Wednesday, August 19, 2009

Straddling the Continental Divide: Western New Mexico,(May 2009) VIII

Ring muhly (Muhlenbergia torreyi) at the edge of the pinion-juniper woodlands
Bear Mountain Lodge, Silver City, NM

Short Detour

On Tuesday morning, May 19, 2009, before we explored the cultural resources of central Silver City, we accompanied the volunteer naturalist at Bear Mountain Lodge on a guided tour of one of the lodge grounds' trails. The driest, sandiest, and most exposed portions of the the trail were bordered with a strikingly unusual grass (at least for this Easterner): ring muhly (Muhlenbergia torreyi). The grass obviously gets started from a single plant in the center, then the center dies back and the grass expands outward from the origin. It has a an umistakable growth form that can spread for dozens of feet.


The Catwalk

One of the main reasons we wanted to visit the Silver City area was to walk The Catwalk National Recreation Trail in the Gila National Forest. After we finished birding at The Nature Conservancy's Gila River Farm on Wednesday morning, May 20, we drove a half-hour north on US 180 to the town of Glenwood, where we turned east off the main road and drove five miles to The Catwalk trailhead.

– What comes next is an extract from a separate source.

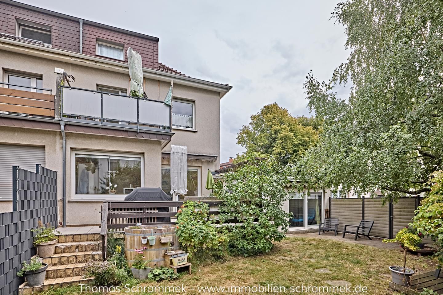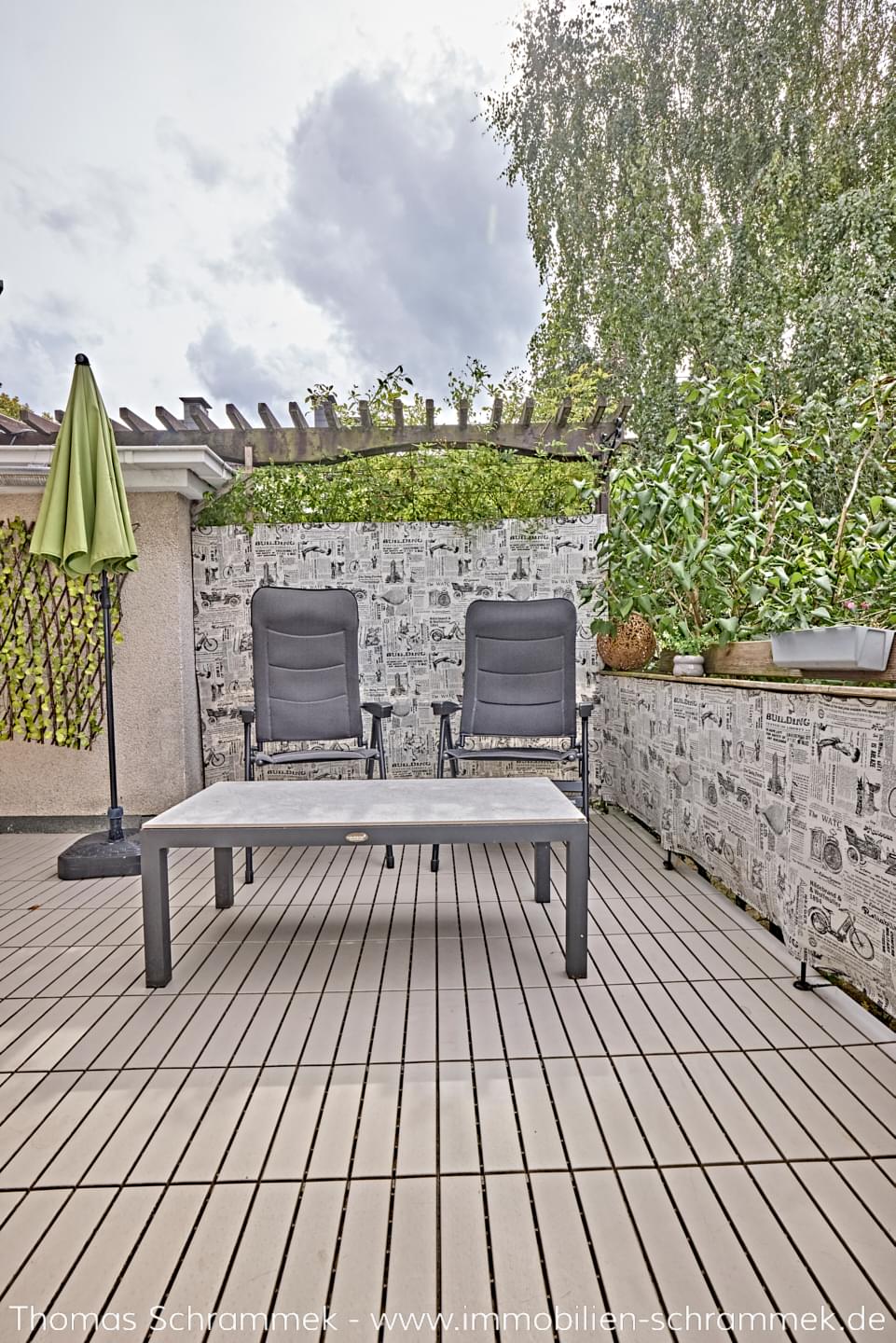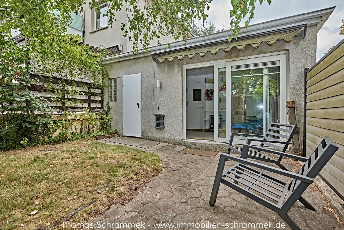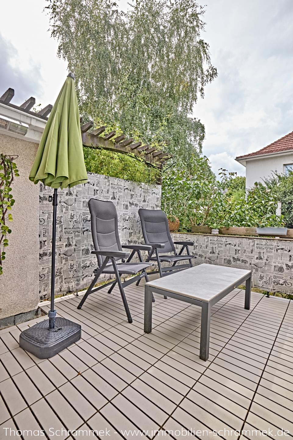 - Terrasse und Garten: Direkt vom Schlafzimmer (oder Wohnzimmer) erreichbar, lädt die überdachte Terrasse zum Verweilen ein und eröffnet den Blick ins hauseigene Grün. Über wenige Stufen gelangt man direkt in den angrenzenden Garten, der mit seiner gepflegten Rasenfläche und ausreichend Platz zum Spielen, Entspannen oder Gärtnern überzeugt. Eine grüne Oase mitten in stadtnaher Umgebung – perfekt für gemütliche Stunden im Freien oder gesellige Nachmittage mit Familie und Freunden.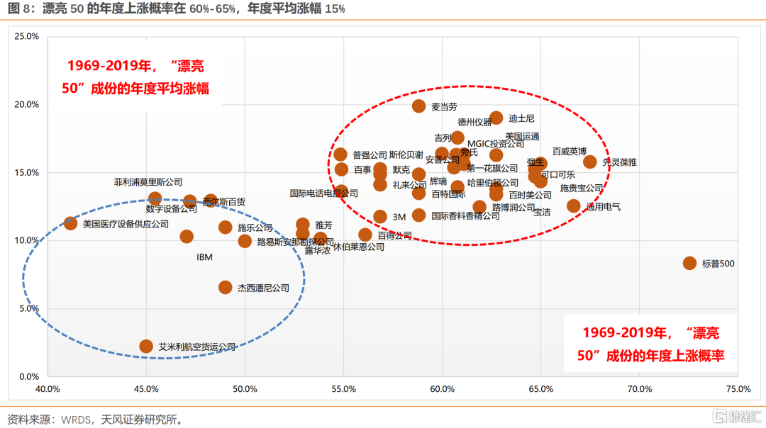 1969-2019年,漂亮50中,多数公司的年度上涨概率分布在60%-65%,年度平均涨幅在15%左右。事实上,绝大部分公司的年度上涨概率都小于标普500指数,但长期能够大幅跑赢标普500指数,主要是因为多数优质公司的涨幅弹性更大。

The Catwalk is a trail developed through Whitewater Creek canyon that replaced a pipeline originally built in the 1800 to provide a dependable source of water for mining and refining operations near Glenwood. Workers who created the original trail penetrated a mile into the canyon to install pipe. Where the creekbed filled the entire canyon bottom, the workers bolted the pipeline to the canyon walls and installed a metal grate on top to allow them to walk up into the canyon to service the pipe. The grating was narrow and precarious, hence the nickname "catwalk." Over the years, floods have washed out most (but not all) traces of the original pipeline and walk, but the Forest Service has rebuilt and modernized the popular trail, making it among the most popular attractions in southwestern New Mexico.


When we arrived, the skies threatened rain, but we had driven over an hour north of Silver City, and we didn't want to waste all that time just to come back another day. So, we began walking the trail. The walk begins as a rocky footpath, but quickly reaches the steel grating affixed to the canyon walls. When we reached the suspended section, we asked a couple leaving the walk to take our pictures, then we quickly moved on into the canyon. The walk was disconcerting but exhilarating as the creek roared and foamed under our feet. After a few hundred yards, the metal grating ended and the trail continued up into the canyon as a rocky footpath with occasional wooden steps in the steepest sections. At its upper end, the trail terminated under a huge overhang of rock, with the creek surging among gigantic boulders below. (It is possible to continue up the canyon on the Whitewater Creek Trail into the Gila Wilderness.) That day, a group of high school kids was wading and swimming in the creek despite the cloudy skies and cool temperatures.

Whitewater Creek near the terminus of The Catwalk Trail

Just as we reached the upper end of the trail, it began to rain. We decided to wait to see if it would stop, but after 10 minutes, with no end in sight, we started back down the trail. We stopped every place there was a rocky overhang in the cliff to get out of the rain, waiting at one point for 20 minutes, mashed up against the rock in a really uncomfortable position as the rain poured down.

Finally, the rain let up a bit and we continued down the trail. We encountered a couple and their dog (the guy was tall, slender, and very good looking) equipped with rain gear.

Naturally, by the time we reached the parking lot, the rain had stopped. As we sat in the car eating our lunch, a car pulled up and disgorded two bedraggled looking backpackers who plodded up toward the trailhead, headed for a backcountry trip in the Gila Wilderness. While I yearned to accompany them, I thought about backpacking in the rain in the mountains and gave the whole concept another thought. (It ended up raining for the next several days, so they probably had a soggy trek.) I recognized the person driving the car that had brought the backpakers to the trailhead--it was the woman who had taken our picture as we first entered The Catwalk. I expressed surprise at seeing her again, and she said that she was an artist who lived in Glenwood, and that she had seen the two backpakers walking past her house. She took pity on them and drove them the five miles to the trailhead. Glenwood sounds like a nice community.

Two more birds on this trip (neither "life listers"): Canyon Wren (Catherpes mexicanus) and American Dipper (Cinclus mexicanus).